Task brief:
This exercise calls for the data below to be retyped exactly, minus any images.

Provided material:
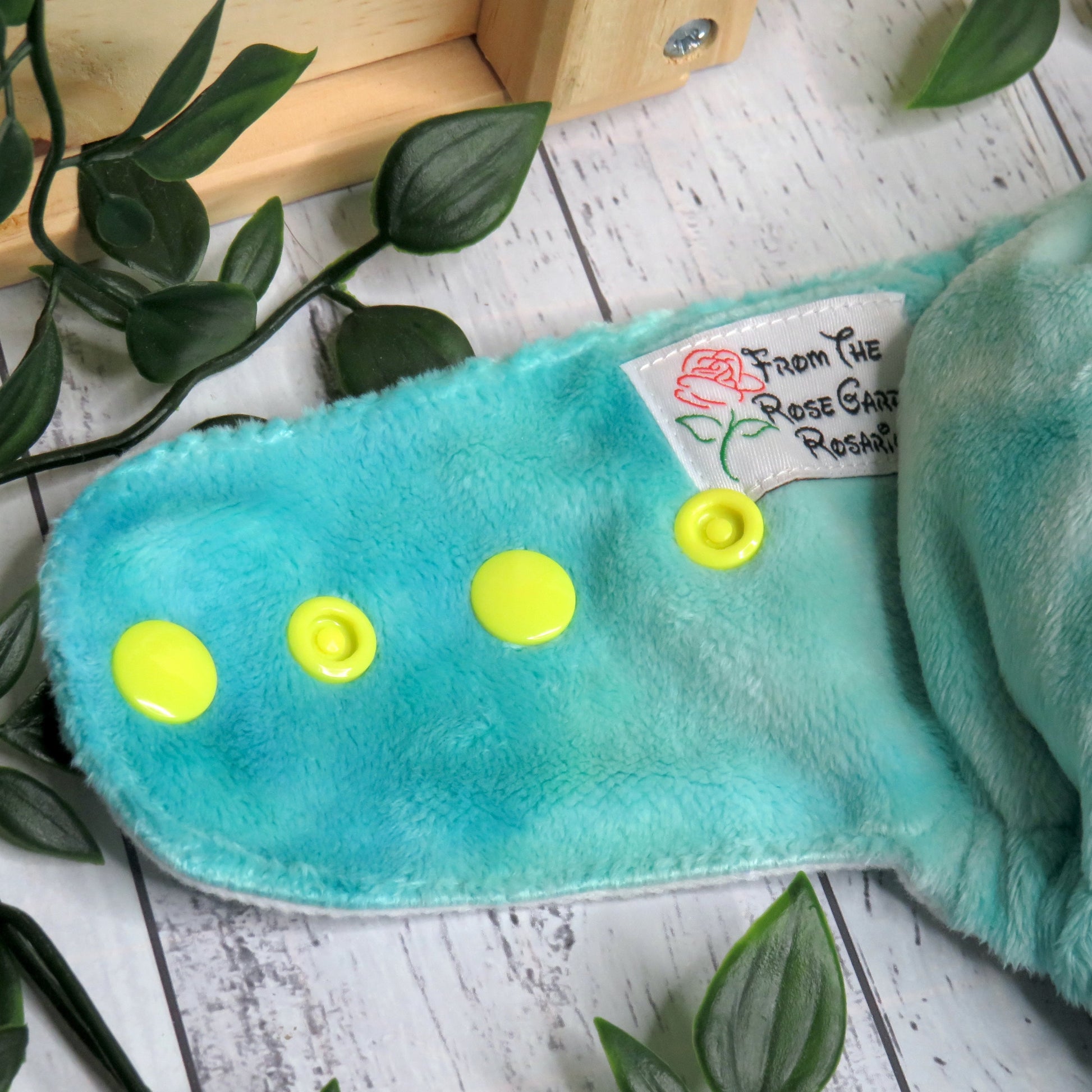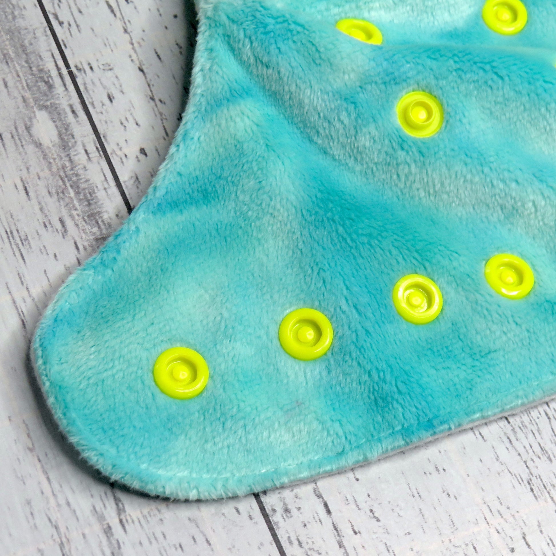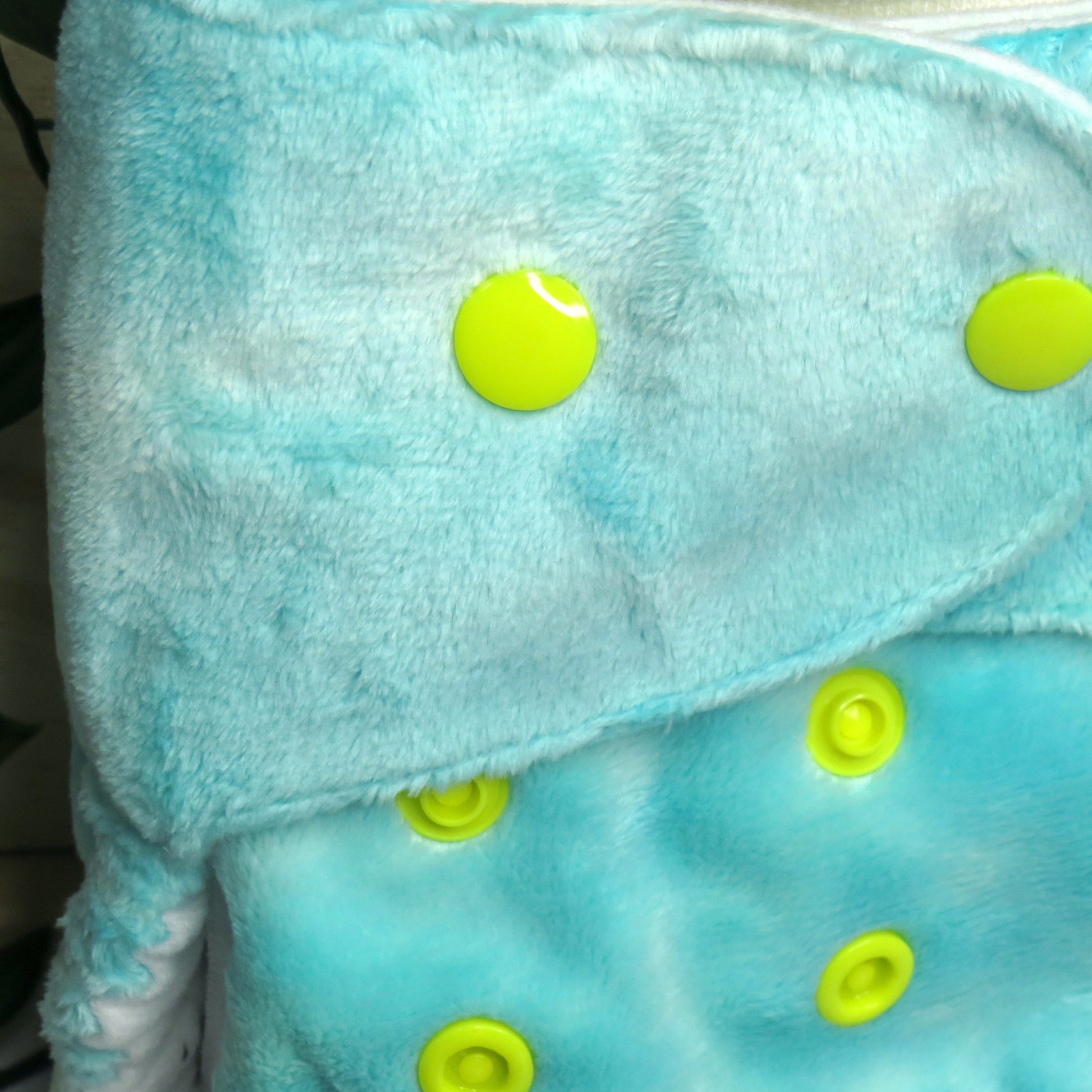 Each nappy comes with a snap in bamboo insert topped with suede cloth and a long bamboo snake insert that can be folded for where the absorbency is needed.
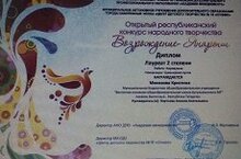 Дипломом лауреата 2 степени награждена Минязова Кристина, ученица 5 класса, которая приняла участие в республиканском конкурсе народного творчества «Возрождение – Янарыш». Поздравляем!
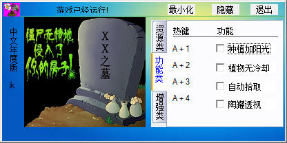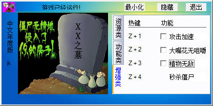 PS: 有网友PM说 热键冲突 例如alt+1 播放器跳歌了 ctrl+F1 某某窗口弹出来了 等等 现在改为普通键 也方便本本用户 还有要求修改器后台运行.........
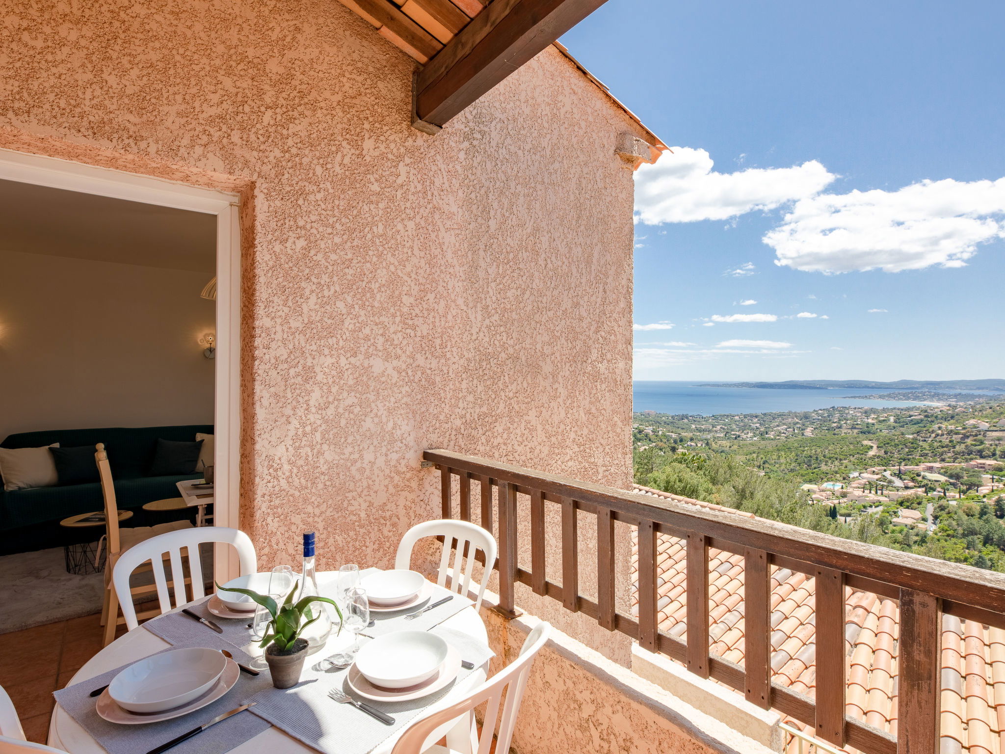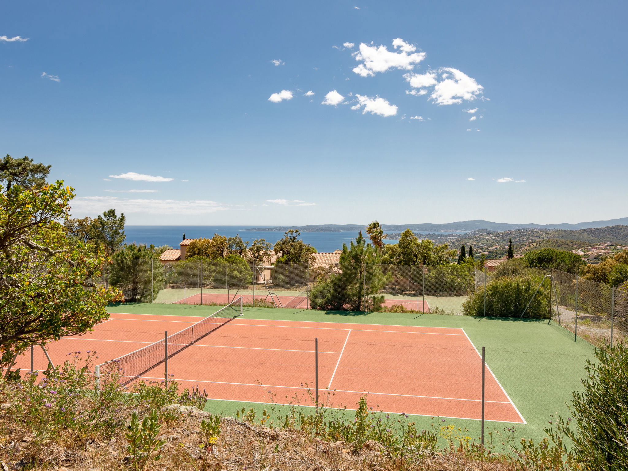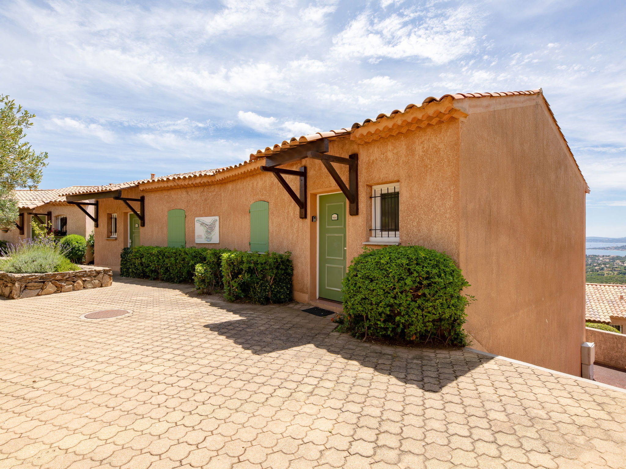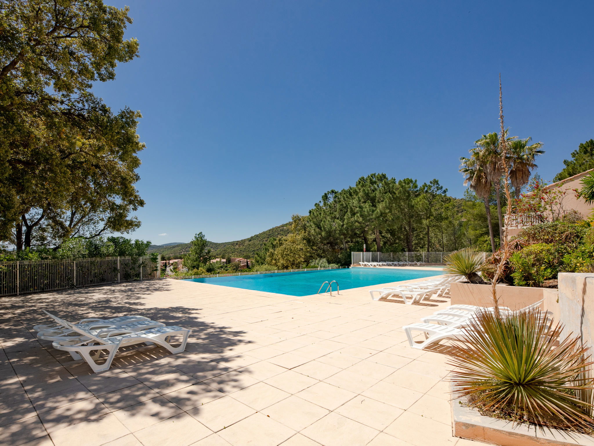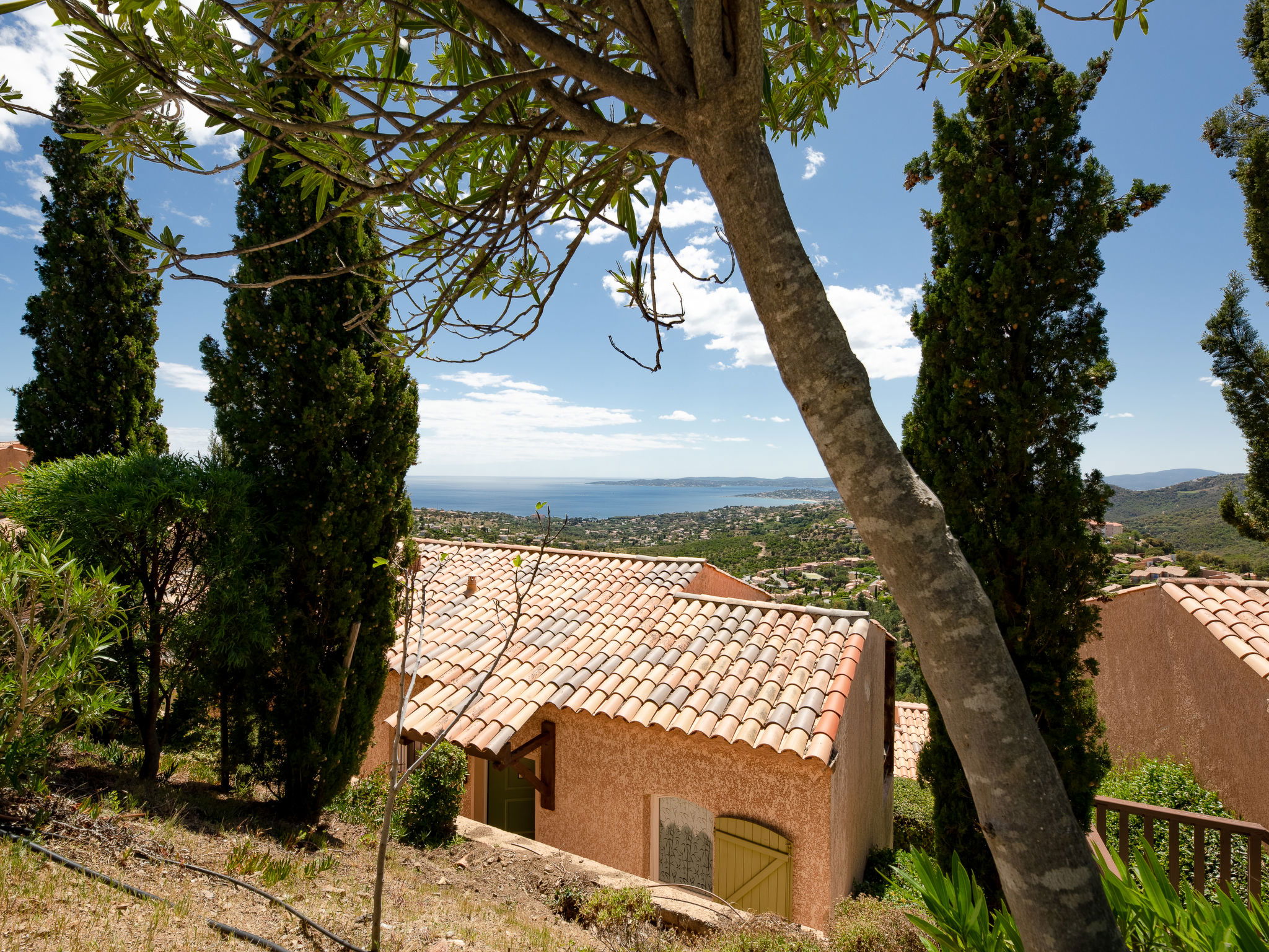 Farm estate "Résidence Bellevue". Above Issambres, outside the resort, 4 km from the centre of San Peire, in a quiet, sunny, elevated position, 3 km from the sea, 3 km from the beach, south-west facing position. For shared use: swimming pool fenced (20 x 6 m, depth 80 - 140 cm, seasonal availability: 15.May. - 30.Sep.). Children's pool, tennis, boccia. Shop 4 km, grocery 3 km, bakery 3 km, railway station "Saint Raphael TGV" 16 km, sandy beach 3 km, thermal baths "Thalasso Les Issambres" 3 km. Sports harbour 3 km, golf course (18 hole) 10 km, walking paths from the house 50 m. Nearby attractions: Sainte-Maxime 8 km, Navette/Shuttle boat St Tropez 20min 4 km, Saint-Tropez/Ramatuelle 23 km, Port-Grimaud 16 km, Fréjus /Saint Raphael 15 km, Gorges du Verdon 90 km. Hiking paths: Massif des Maures 200 m, Massif de l'Esterel 20 km. Please note: car recommended. The keys‘ handover takes place by the agency in Sainte Maxime, 8 km.

Task output:
 Each nappy comes with a snap in bamboo insert topped with suede cloth and a long bamboo snake insert that can be folded for where the absorbency is needed.
 Дипломом лауреата 2 степени награждена Минязова Кристина, ученица 5 класса, которая приняла участие в республиканском конкурсе народного творчества «Возрождение – Янарыш». Поздравляем!
 PS: 有网友PM说 热键冲突 例如alt+1 播放器跳歌了 ctrl+F1 某某窗口弹出来了 等等 现在改为普通键 也方便本本用户 还有要求修改器后台运行.........
 Farm estate "Résidence Bellevue". Above Issambres, outside the resort, 4 km from the centre of San Peire, in a quiet, sunny, elevated position, 3 km from the sea, 3 km from the beach, south-west facing position. For shared use: swimming pool fenced (20 x 6 m, depth 80 - 140 cm, seasonal availability: 15.May. - 30.Sep.). Children's pool, tennis, boccia. Shop 4 km, grocery 3 km, bakery 3 km, railway station "Saint Raphael TGV" 16 km, sandy beach 3 km, thermal baths "Thalasso Les Issambres" 3 km. Sports harbour 3 km, golf course (18 hole) 10 km, walking paths from the house 50 m. Nearby attractions: Sainte-Maxime 8 km, Navette/Shuttle boat St Tropez 20min 4 km, Saint-Tropez/Ramatuelle 23 km, Port-Grimaud 16 km, Fréjus /Saint Raphael 15 km, Gorges du Verdon 90 km. Hiking paths: Massif des Maures 200 m, Massif de l'Esterel 20 km. Please note: car recommended. The keys‘ handover takes place by the agency in Sainte Maxime, 8 km.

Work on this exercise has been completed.